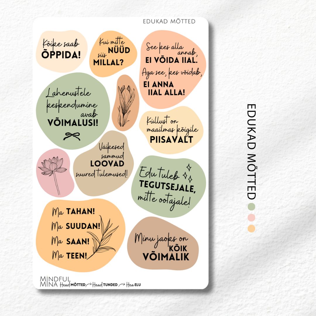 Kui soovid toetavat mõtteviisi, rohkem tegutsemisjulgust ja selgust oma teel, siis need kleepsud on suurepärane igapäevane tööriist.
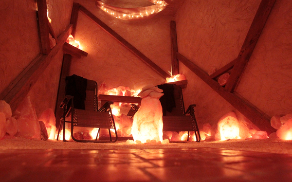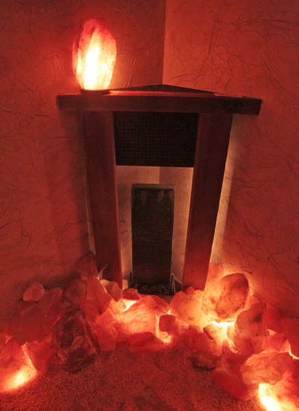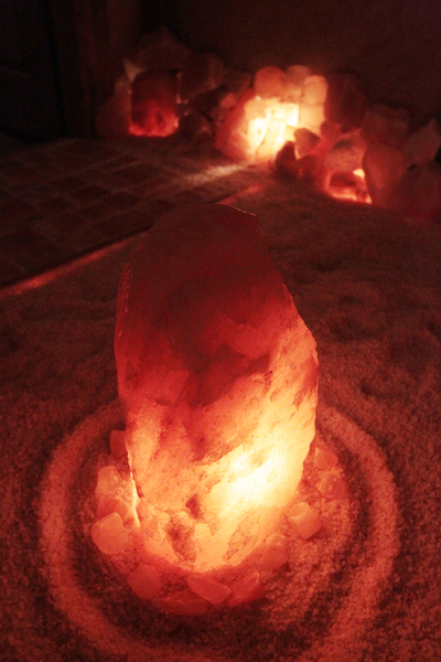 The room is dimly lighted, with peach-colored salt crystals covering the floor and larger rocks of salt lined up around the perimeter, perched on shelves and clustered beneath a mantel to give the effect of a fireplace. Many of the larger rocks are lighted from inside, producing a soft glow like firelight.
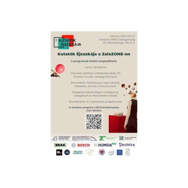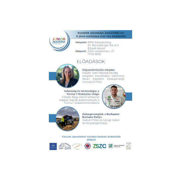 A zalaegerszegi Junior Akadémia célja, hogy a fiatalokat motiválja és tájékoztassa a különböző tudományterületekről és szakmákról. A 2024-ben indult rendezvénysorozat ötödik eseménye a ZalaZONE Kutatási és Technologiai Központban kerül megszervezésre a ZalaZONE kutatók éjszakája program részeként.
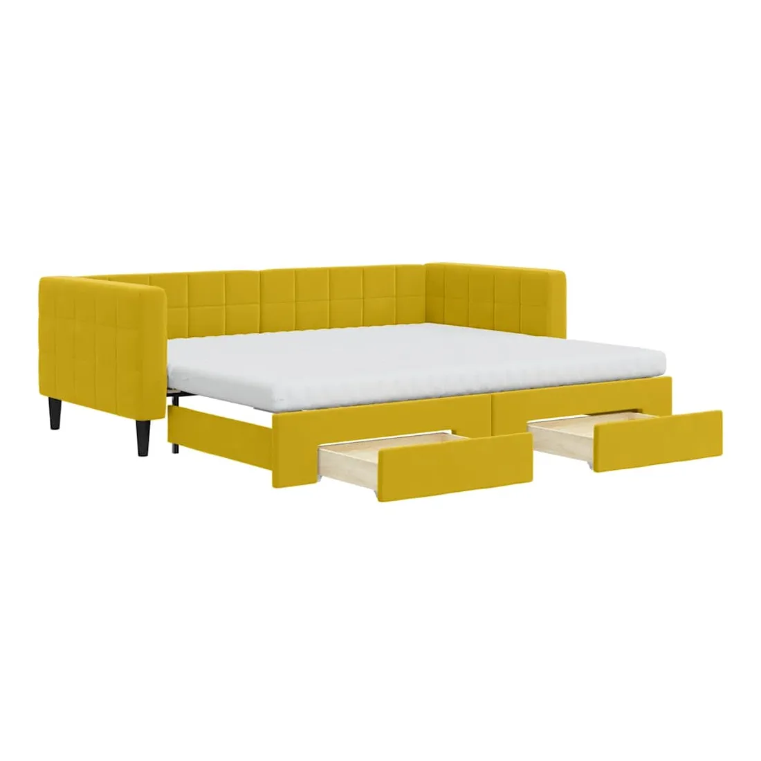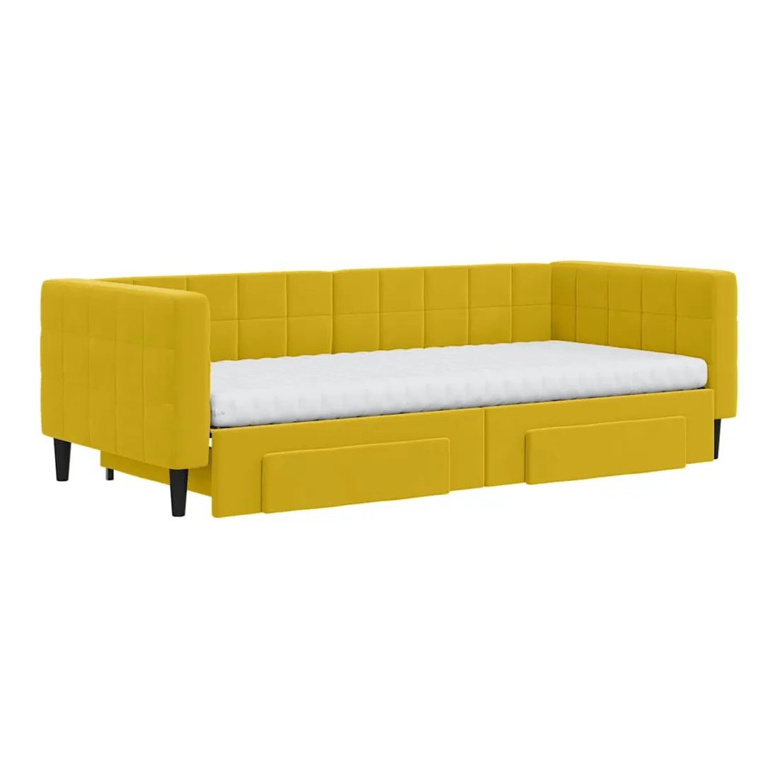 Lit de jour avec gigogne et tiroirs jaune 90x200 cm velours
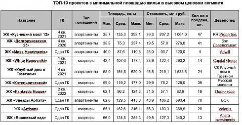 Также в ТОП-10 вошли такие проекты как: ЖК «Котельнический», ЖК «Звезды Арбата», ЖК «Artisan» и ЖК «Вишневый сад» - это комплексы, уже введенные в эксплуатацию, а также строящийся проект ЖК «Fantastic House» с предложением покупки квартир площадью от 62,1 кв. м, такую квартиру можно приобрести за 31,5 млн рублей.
━━━
Work instructions :: Give again, exactly, the lines starting at the first entry above and ending at the line with "Lit de jour"; please leave pictures out.

Answer below ::
 Kui soovid toetavat mõtteviisi, rohkem tegutsemisjulgust ja selgust oma teel, siis need kleepsud on suurepärane igapäevane tööriist.
 The room is dimly lighted, with peach-colored salt crystals covering the floor and larger rocks of salt lined up around the perimeter, perched on shelves and clustered beneath a mantel to give the effect of a fireplace. Many of the larger rocks are lighted from inside, producing a soft glow like firelight.
 A zalaegerszegi Junior Akadémia célja, hogy a fiatalokat motiválja és tájékoztassa a különböző tudományterületekről és szakmákról. A 2024-ben indult rendezvénysorozat ötödik eseménye a ZalaZONE Kutatási és Technologiai Központban kerül megszervezésre a ZalaZONE kutatók éjszakája program részeként.
 Lit de jour avec gigogne et tiroirs jaune 90x200 cm velours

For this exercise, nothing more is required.